Görüntülediğiniz mahkeme kararı kesinleşmiş bir karardır.
T.C. … 12. ASLİYE TİCARET MAHKEMESİ Esas-Karar No: 2022/460 Esas – 2022/789
T. C.
A N K A R A
ASLİYE 12. ASLİYE TİCARET MAHKEMESİ
TÜRK MİLLETİ ADINA
YARGILAMA YETKİSİNİ KULLANAN MAHKEMEMİZCE VERİLEN KARAR
ESAS NO : 2022/460 Esas
KARAR NO : 2022/789
HAKİM : …
KATİP :…
DAVACI : ….
DAVALI : ….
DAVA : Alacak (Ticari Nitelikteki Hizmet Sözleşmesinden Kaynaklanan)
DAVA TARİHİ : 27/06/2022
KARAR TARİHİ : 13/10/2022
GEREKÇELİ KARARIN YAZIM TARİHİ : 17/10/2022
Mahkememizde görülmekte olan Alacak (Ticari Nitelikteki Hizmet Sözleşmesinden Kaynaklanan) davasının yapılan açık yargılaması sonunda,
GEREĞİ DÜŞÜNÜLDÜ:
Davacı vekili dava dilekçesinde özetle; müvekkil şirketi ile davalı arasında 18/09/2019 tarihinde Müşavirlik Sözleşmesi imzalandığını, bu sözleşme kapsamında müvekkilinin davacıya danışmanlık hizmeti verdiğini, müvekkilinin hizmet verdiği zamanda, idarenin mali destek programı kapsamında sağlamış olduğu fon ve kaynaktan yararlanmak üzere davalı adına gerekli müracaatların yapıldığını, davalının, idarenin kanuni gereklerini yerine getiremediğinden projenin iptal edildiğini, taraflar arasında imzalanan sözlemenin 6. Maddesinde ücretlendirmenin açıkça belirtildiğini, projeye göre; proje yazma başlangıç aşamasında 5.000,00TL, proje teslim aşamasında 5.000,00TL olmak üzere toplam 10.000,00TL müvekkil şirketin hesabına yatırılması gerektiğini, hazırlanan projenin hibe almaya hak kazanması durumunda ayrıca hibeye esas tutarın %4’ünin 3 parça halinde müvekkil şirketine ödenmesi gerektiğini, davalının projede hibe almaya hak kazandığını, müvekkilinin davalıya 25.370,00TL bedelli fatura düzenlediğini, davalının 4 parça halinde toplam 12.000,00TL ödeme yaptığını, ayrıca toplam ödenecek tutardan 33.069,50TL tutarın fatura edilmediğini, neticede davalının müvekkiline 46.439,50TL borcu bulunduğunu, müvekkilinin net alacağının yapılacak bilirkişi incelemesi sonucunda belirli olacağını, davayı belirsiz alacak davası olarak açtıklarını, müvekkilinin 18/07/2019 tarihli müşavirlik sözleşmesinden kaynaklanan şimdilik 1.000,00TL alacağın dava tarihinden itibaren işleyecek yasal faizi ile birlikte davalıdan tahsiline karar verilmesini, yargılama gideri ve vekalet ücretinin davalı tarafa yükletilmesini talep ve dava etmiştir.
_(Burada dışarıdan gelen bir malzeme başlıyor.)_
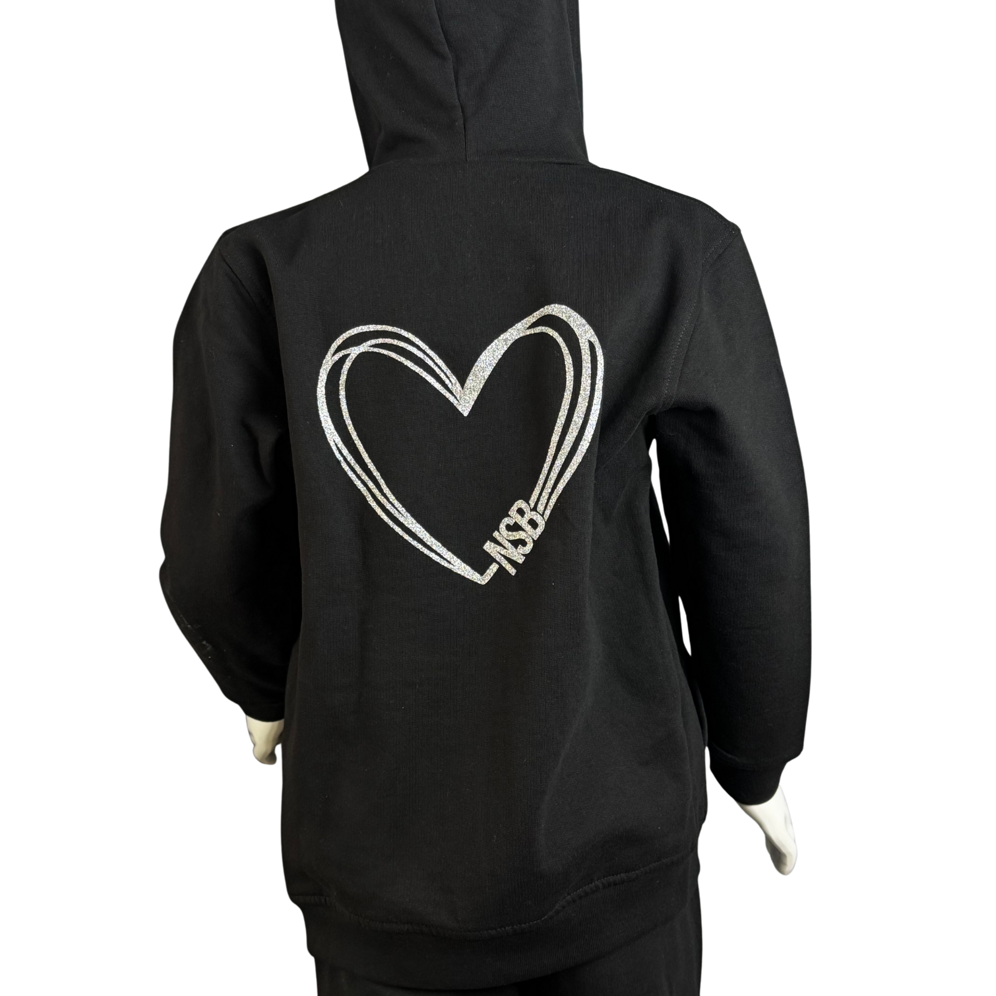 Sul retro un grande cuore glitterato con logo NSB aggiunge un tocco distintivo e femminile, perfetta per allenamenti, trasferte o per un look sportivo casual fuori dalla palestra.
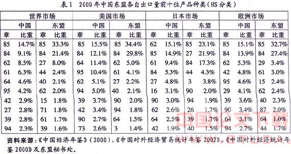 从1995年~1999年,中国到东盟的总出口商品中,制成品的比重从43.40%下降到32.97%,而半成品的比重从56.40上升到 67.19%,在东盟到中国的总出口商品中,制成品的比重也在下降,从40.53%变成37.16%,半成品比重从59.47%进一步增加到 62.84%。从中可以看出,在双方的贸易商品中,有一半以上是半成品,而且半成品的比重还在进一步增加。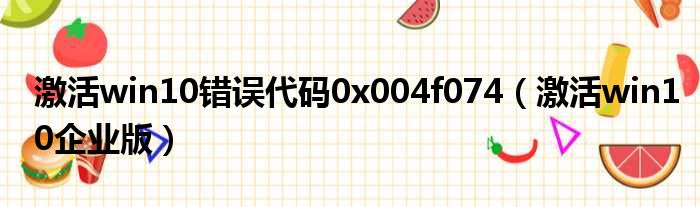 激活win10错误代码0x004f074(激活win10企业版)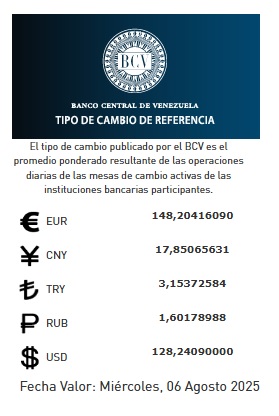 Vale destacar que el tipo de cambio publicado por el BCV es el promedio ponderado de las operaciones de las instituciones bancarias del país, al cierre de la jornada del martes 05 de agosto de 2025.

Davalı vekili cevap dilekçesinde özetle; davada yetkili mahkemenin müvekkilinin ikametgahı olan Kastamonu Asliye Ticaret Mahkemeleri olduğunu, işbu davada sözleşmede yazanın ve fatura eden tutarların kesin ve belirli olduğundan belirsiz alacak davası olarak açılamayacağını, usulden reddine karar verilmesi gerektiğini, davacı tarafın belirttiği sözleşmedeki ifa yükümlülüklerine gereği gibi yerine getirmediğini, bu sebeplerle müvekkilinin TKDK hibelerinden yararlanamadığını, müvekkili tarafından davacıya TKDK hibesi alınması ümidiyle ödemeler yapıldığını, işin sonunda hibeden yararlanamadığı için söz konusu faturaları ödeme zorunluluğu bulunmadığını, davacı ile aralarında imzalanan Müşavirlik Sözleşmesinin vekalet sözleşmesi değil, eser sözleşmesi olduğunu, müvekkili tarafından yapılan ödemelerin sözleşme gereği davacının emeklerinin karşılığından fazla olduğunu, tamamlanmayan ve teslim edilmeyen eser sözleşmelerinde yüklenicinin kar talep edemeyeceğini ve harcadığı miktardan fazlasını isteyemeyeceğini, yargılama gideri ve vekalet ücretinin karşı tarafa yükletilmesini ileri sürerek davanın reddini talep etmiştir.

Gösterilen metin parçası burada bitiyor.